Managing implications of US-China rivalry


Given China’s rampant growth over the past few decades, it was only natural for China to begin offering strategic competition to the United States, which had emerged as the most powerful country in the world following the Soviet collapse. For the past few years however, the strategic rivalry between China and the US has become increasingly intense. The implications of this growing rivalry are now also being evidently felt in our part of the world which has become one of the major arenas for the tussle between these two global powers.

The US has recently taken punitive measures aimed at not only containing Chinese strategic ambitions, but actively confronting China. The emerging US-China rivalry has taken on various forms ranging from contentions concerning human rights to trade issues in addition to military posturing. The US has stepped up attempts to bolster cooperation with allies on China’s western and eastern flanks, including with strategic quad partners (Australia, Japan and India).

On the other hand, China has begun exhibiting an increasingly muscular approach not only in asserting territorial claims, but also in its conduct of foreign policy more generally. China proactively rebuts accusations of its growing strategic ambitions and rights violations with whataboutist arguments pointing to the tarnished record of the US on similar issues. Meanwhile, China has also pressed ahead with its Belt and Road Initiative (BRI) overseeing massive investments across Africa, the Middle East, and South Asia, significantly expanding its sphere of influence.

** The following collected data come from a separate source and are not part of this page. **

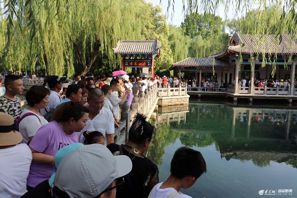 2019年6月8日,濟南,端午假期,趵突泉景區(qū)內游客扎堆,游客在樹蔭、涼亭、水池邊納涼玩水賞景。
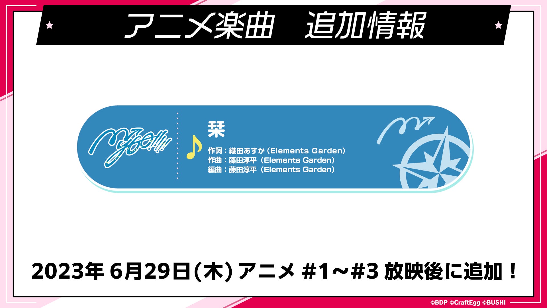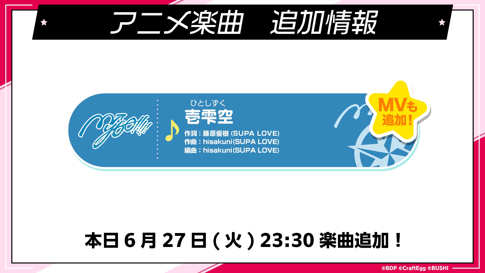 2023年6月27日(火)より、アニメ「BanG Dream! It’s MyGO!!!!!」オープニングテーマ『壱雫空』と、『壱雫空』の楽曲MVをゲーム内に追加いたしました。また2023年6月29日(木)のアニメ「BanG Dream! It’s MyGO!!!!!」放送終了後に、エンディングテーマ『栞』をゲーム内に追加することが決定いたしました。
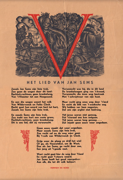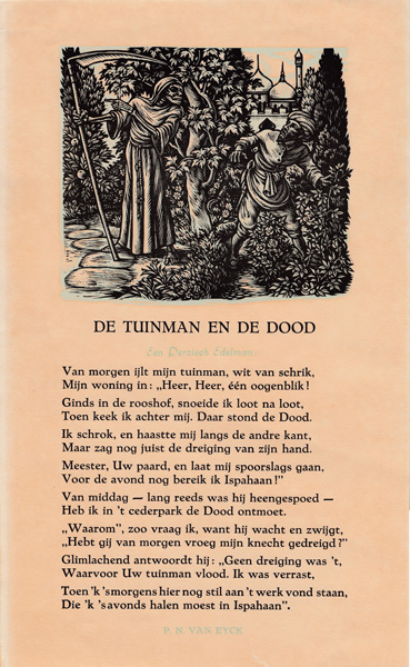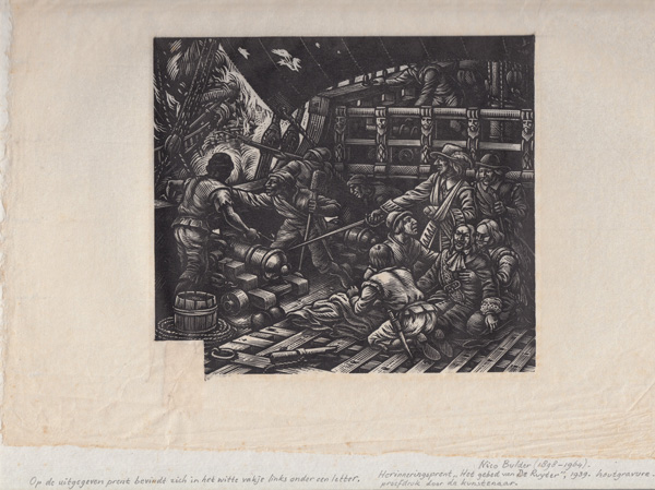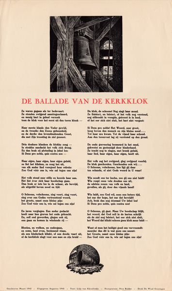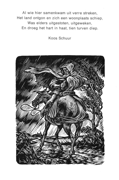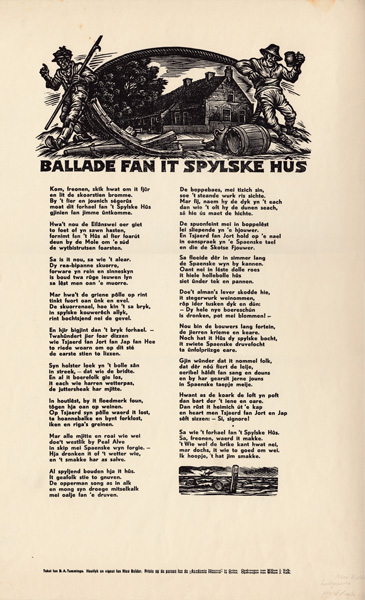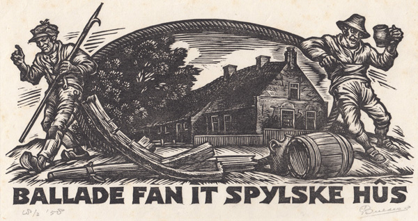 Koos Schuur poem. Click for more info.“ZUN, WIEND EN WOLKEN”, 1959, illustration to the volume of poems by Jan Boer, Uitgeverij J. Niemeijer, Groningen.Cover page of “ZUN, WIEND EN WOLKEN”, 1959, illustration to the volume of poems by Jan Boer, Uitgeverij J. Niemeijer, Groningen.Jan Sems’ Song (Lied van Jan Sems) by Herman de Boer, illustration by Nico Bulder, to understand the red “V” click here for more info.Ballade Fan It Spylske Hus; Spylske Hus was the vacation house on Terschelling island of Willem Valk, sculptor and Minerva colleague of Nico Bulder; author of the poem was D.A. Tamminga; poem was published in magazine “De Tsjerne” volume 10 issue 11 in 1955, X2, click here for more info.Poem header “It Spylske Hus” on Terschelling island; this was the vacation house of Willem Valk, sculptor and Minerva colleague of Nico Bulder; author of the poem was D.A. Tamminga; poem was published in magazine “De Tsjerne” volume 10 issue 11 in 1955, X2, click here for more info.Poem by Jan Boer (Rijmprent 1 Cor. 13 (Geloof, Hoop en Liefde), vertoald ien’t Hogelandster dialect door Jan Boer), illustration by Nico Bulder, for more info on Jan Boer, click here.Ballad of the Church Bell by Lidy van Eijsselstein, 1945 about the removal of the church bell of Haren in WWII. The inscription on the bell states “Si Deus Pro Nobis, Quis Contra Nos” (Latin: If God is for us, who can be against us!) – Click for more info.The Yard Man and The Death by P.N. van Eyk, 1926 – Click for more info.Prayer for admiral “de Ruyter”, 1939, wood engraving, proof print by Nico Bulder with sub text.Prayer for admiral “de Ruyter”, 1939, wood engraving, proof print by Nico Bulder. Note: he left the lower left corner white on purpose, see next picture with the actual prayer included.Prayer for admiral “de Ruyter”, 1939.
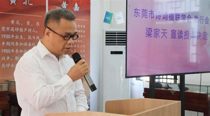 东莞市诗词楹联学会执行会长梁家天宣读了授牌决定。
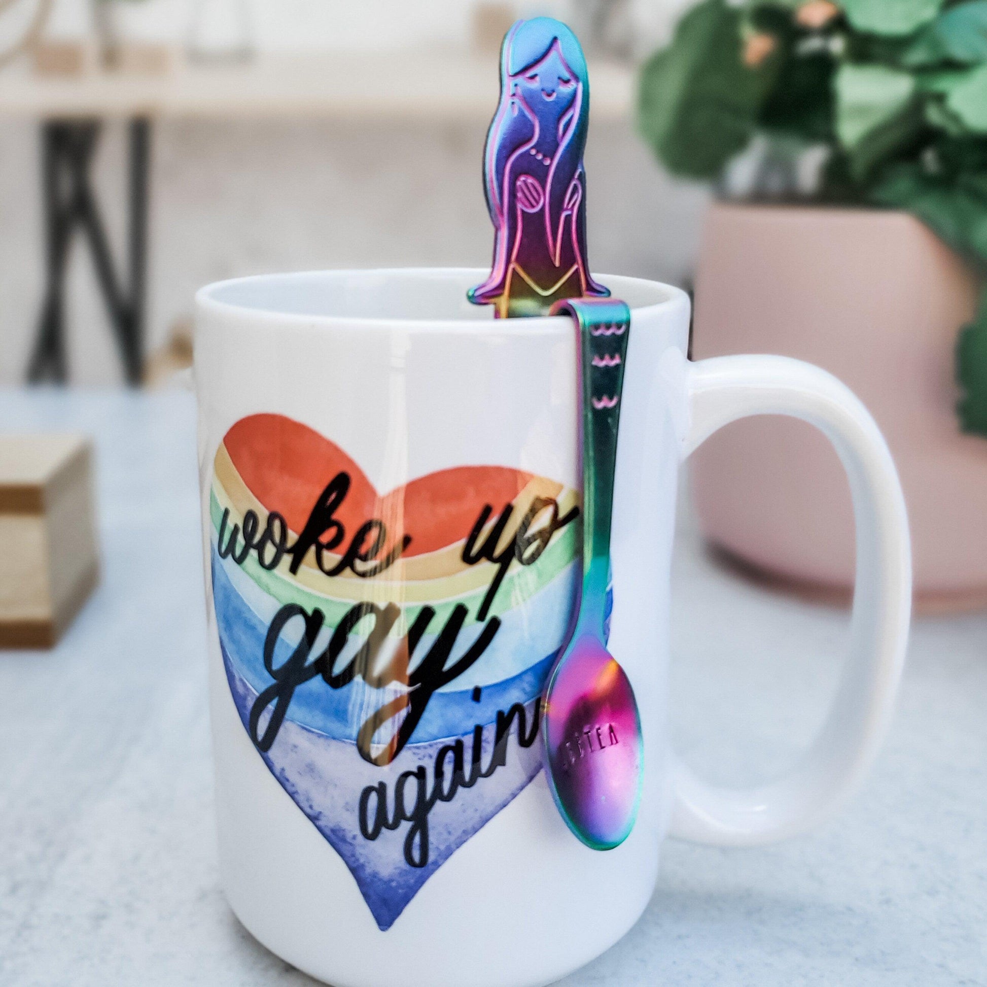 Rise and shine, fabulous soul! Introducing our Woke Up Gay Again Coffee Mug, the perfect companion for those mornings when you are just too irresistible to contain. Sip your favorite brew with pride and let the world know that you woke up ready to slay and spread the love! This cute and colorful mug is here to brighten your day, celebrate your vibrant spirit, and remind you that being true to yourself is always the most fabulous way to start your day. So grab your mug, sip that coffee, and let your gayness shine - because what a surprise - you woke up gay AGAIN!!
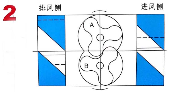 B轉(zhuǎn)子:進風(fēng)側(cè)剛剛進入閉合行程,處于循環(huán)閉合的狀態(tài),羅茨風(fēng)機排風(fēng)側(cè)已循序打開,即將到達全開狀態(tài)。
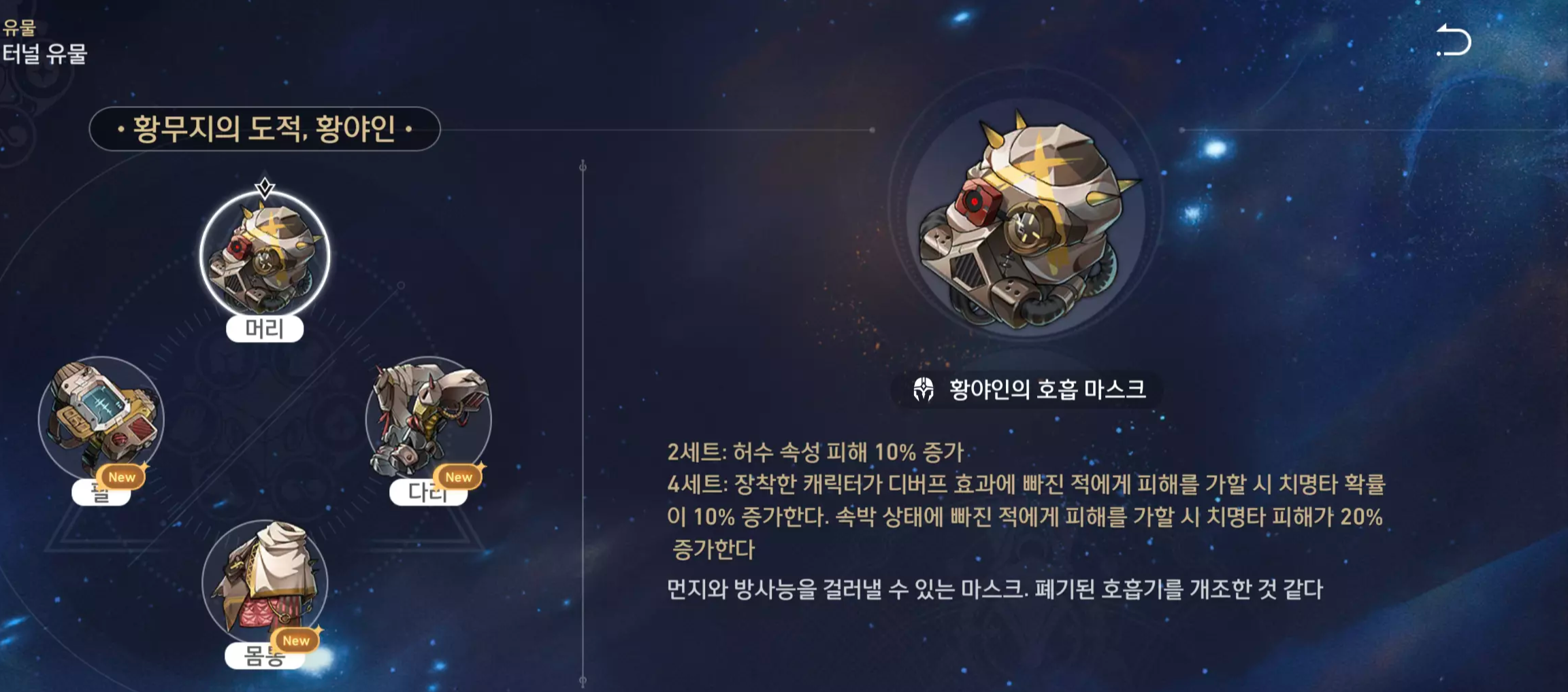 메인 딜러로 사용할 때는 필수 유물 세트입니다.
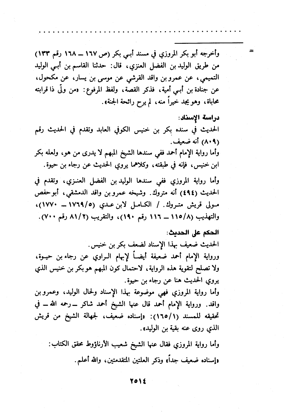 ورواية الإمام أحمد ضعيفة أيضاً لإبهام الراوي عن رجاء بن حيوة، ولا تصلح لتقوية هذه الرواية، لاحتمال كون المبهم هو بكر بن خنيس الذي يروي الحديث هنا عن رجاء بن حيوة.
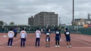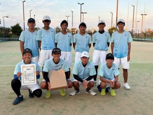 10月25日に八代市テニスコートで行われた学校対抗ソフトテニス八代大会に出場させていただきました。上位4ペアは別の動きで抜けた状態でした。結果はAチームが優勝、Bチームは残念ながら初戦敗退でした。強風の中で、どのようにゲームメイクをしていくかを考えながら試合をしました。準決勝は、玉名工業Aと3番勝負となり、苦戦しながらもリードを守りきり勝つことが出来ました。松本・東方は安定した試合運びでチームに安心感を与えました。友田・黒木は、ダブル後衛らしい粘り強いプレイをしました。決勝戦での川﨑・立花は、苦しい試合ではありましたが、団体戦の意義を理解し、相手の1番手に負けない試合ができたと思います。今後の試合に向けてチーム一丸となり、技術を磨き、更に強いチームになれるよう日々の練習に励んでいきます。関係の皆様、これからも応援・ご指導よろしくお願いします。 副主将:黒木
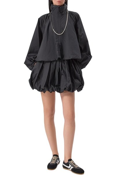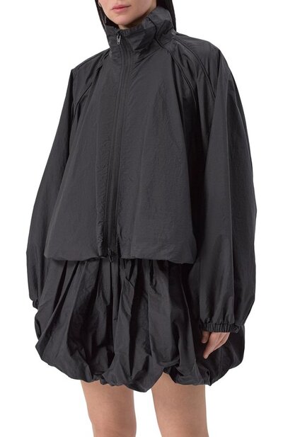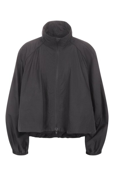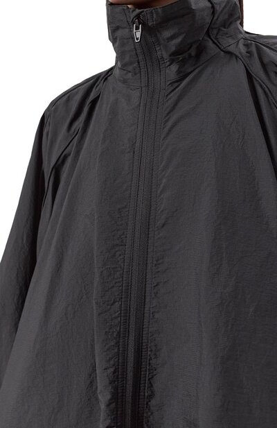Ветровку с рукавами реглан сшили из нейлонового микрорипстопа, а для подклада использовали полиэстеровую сетку. Модель с вышитым логотипом марки в тон сзади застегивается встречной молнией.
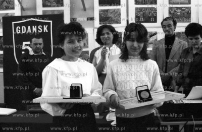 Uroczystosc w Szkole Podstawowej nr 53 im F. Dabrowskiego w Gdansku Nowym Porcie. Dzieci z tej szkoły cyklicznie braly udzial w miedzynarodowych konkursach plastycznych. Uroczystosc wreczenia zdobytych medali konkursowych. Nz. Wioletta Dorczyk i Agnieszka Nowicka, uczennice kl. VII, które zdobyly zlote medale w konkursie plasycznym Japonii 15.04.1988 2kwiecien88zkosycarz_p12 Fot. Zbigniew Kosycarz / KFP ZAKAZ PUBLIKACJI ZDJECIA W INTERNECIE
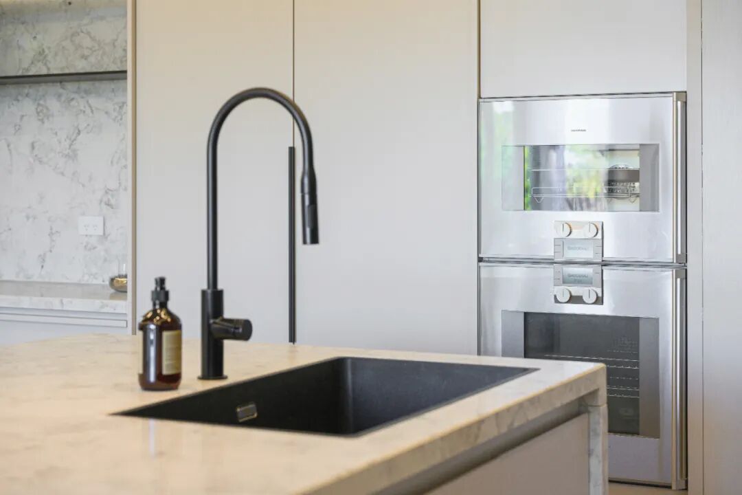 厨房采用 Gaggenau 高端电器组合,搭配天然大理石台面与高挑柜体。
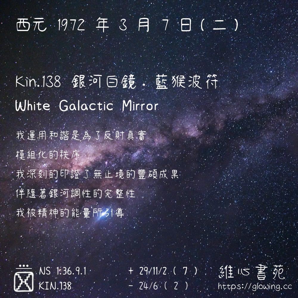 我們可以稱 KIN 138 為 【銀河白鏡】 、 【銀河的白鏡】 、 【藍猴波符 之 銀河白鏡】 也可以是 【銀河白鏡.藍猴波符】 ,你比較喜歡哪一個稱號呢?
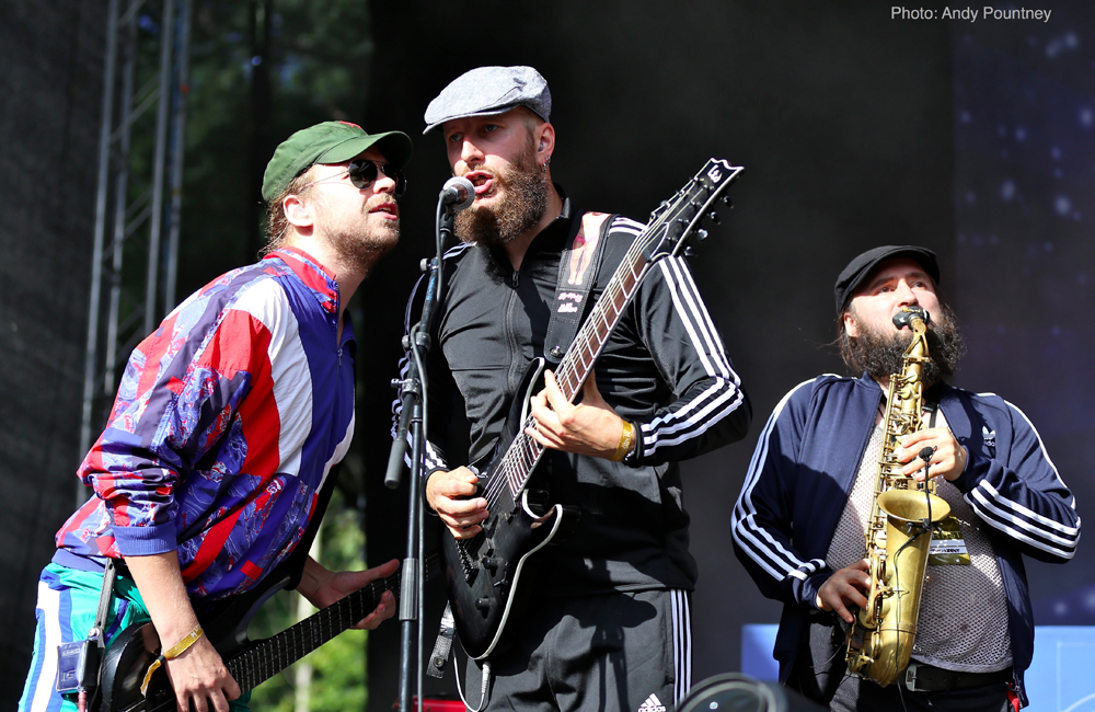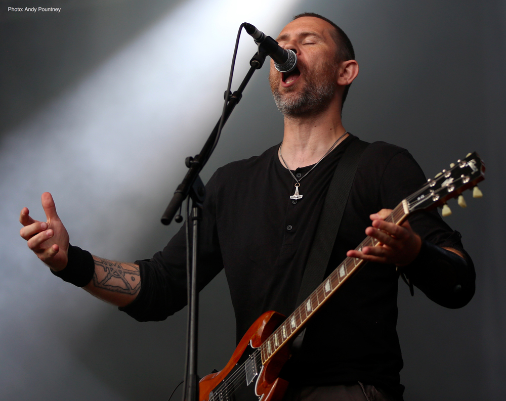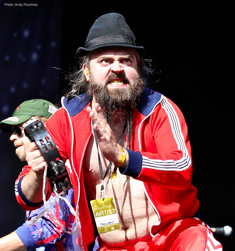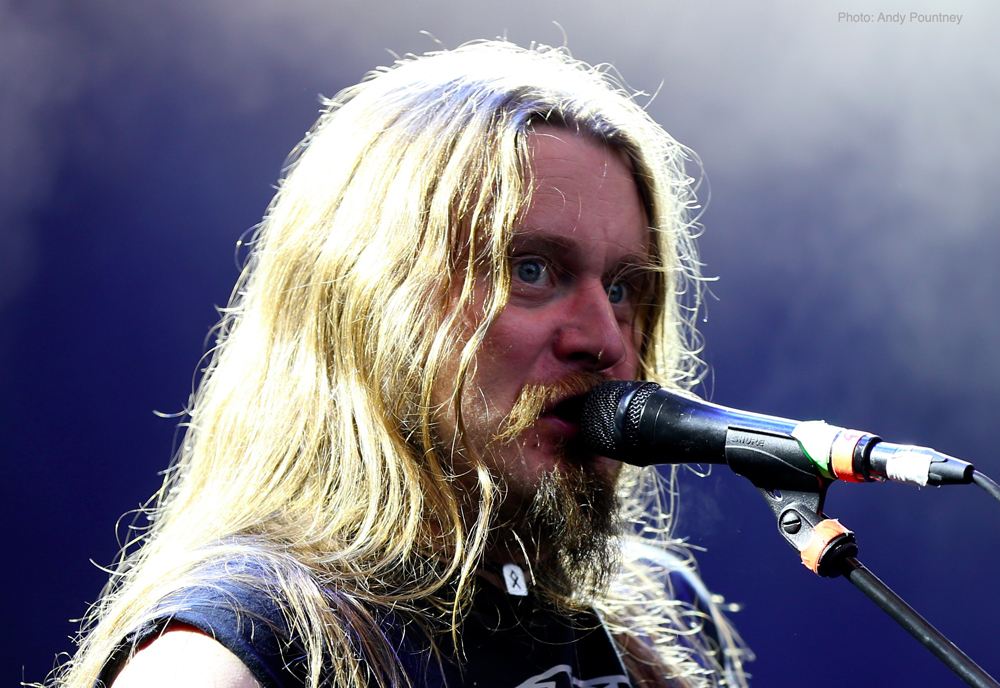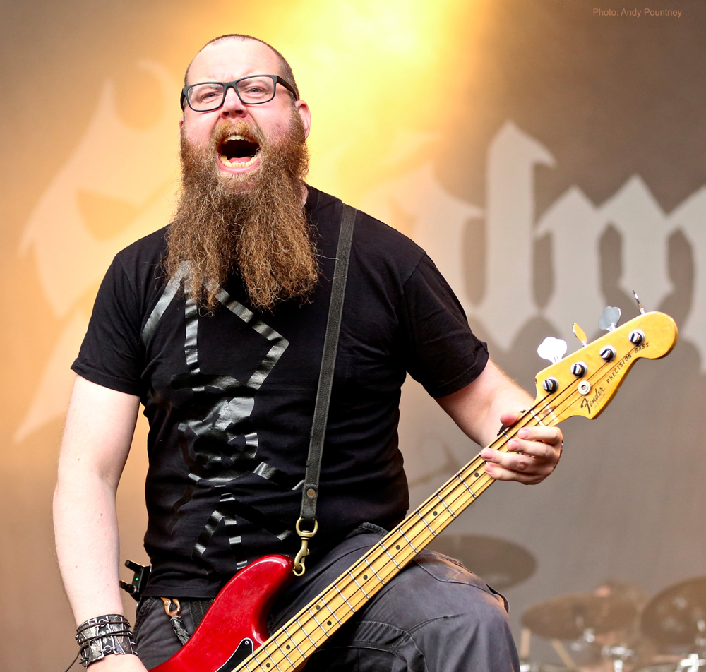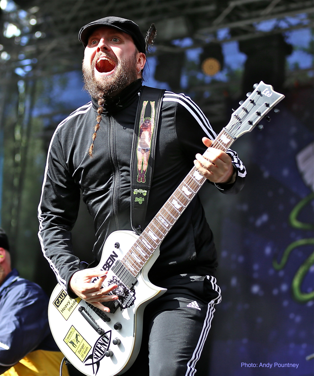 Trollfest were the first main stage band of the festival and they erupted onto the impressive stage looking like an explosion in a shellsuit factory. Their high energy brand of “True Norwegian Balkan Metal” was an entertaining blend of metal and folk, utilising a saxophone, accordion, violin and tambourine alongside more traditional instruments. The nine (I think – It was hard to count them as they were running around so much!) members were a vision of chaotic perpetual motion including members running into the photopit and crowd, but they sounded good, went down well with those down the front and were a good start to proceedings.

While the US is trying to work closely with India to counter-balance China, Pakistan’s close collaboration with China is being seen with growing suspicion by US policymakers, especially as US tensions with China continue to escalate. Initially, the US had cautiously welcomed Chinese investments in Pakistan as the means for helping stabilise Pakistan’s economy (without the US needing to foot the bill). More recently, however, senior American policymakers have warned Pakistan to be wary of Chinese debt diplomacy, and they fear that Pakistan handing Gwadar over to Chinese management is the first step in the commercial port becoming a dual-use facility.

Pakistan in the past may have been compelled to tighten its strategic embrace of China given the lack of broader international interest in investing in Pakistan’s urgent infrastructure and energy needs. However, Pakistani policymakers need to avoid placing all their eggs in one basket. Trying to craft a balanced approach which can resist pressures of choosing sides is not going to be easy, even in this post-Cold War era.

While Pakistan being able to play the role of a go-between to enable rapprochement between China and the US may seem like a tall order at present, Pakistan must still try to work with both countries so that it does not become overly dependent on China at the cost of losing its longstanding relationship with the US.

Pakistani policymakers must realise that there is little political will in the US to provide more aid to Pakistan, especially as the US is now about to implement a military withdrawal from Afghanistan. Yet, a mutually beneficial agreement to expand trade relations with the US could still work. Both countries have previously acknowledged this as a possibility but have not been able to address some of the internal impediments which have impeded this possibility from being realised. Pakistan can also encourage American and other international firms to invest in green energy projects to help lessen its reliance on fossil fuels. Pakistan’s decision to boost transit trade routes to Afghanistan via Gwadar is also encouraging, which should help temper US resistance to CPEC, given its demonstrable potential to help Afghanistan’s economy.

While India seems to have picked a clear-cut side in the new big power competition of the 21st century, it would be no small feat if Pakistan can continue collaborating with both China and the US, which would enable it to become a more self-assured country in the long run.

Published in The Express Tribune, September 11th, 2020.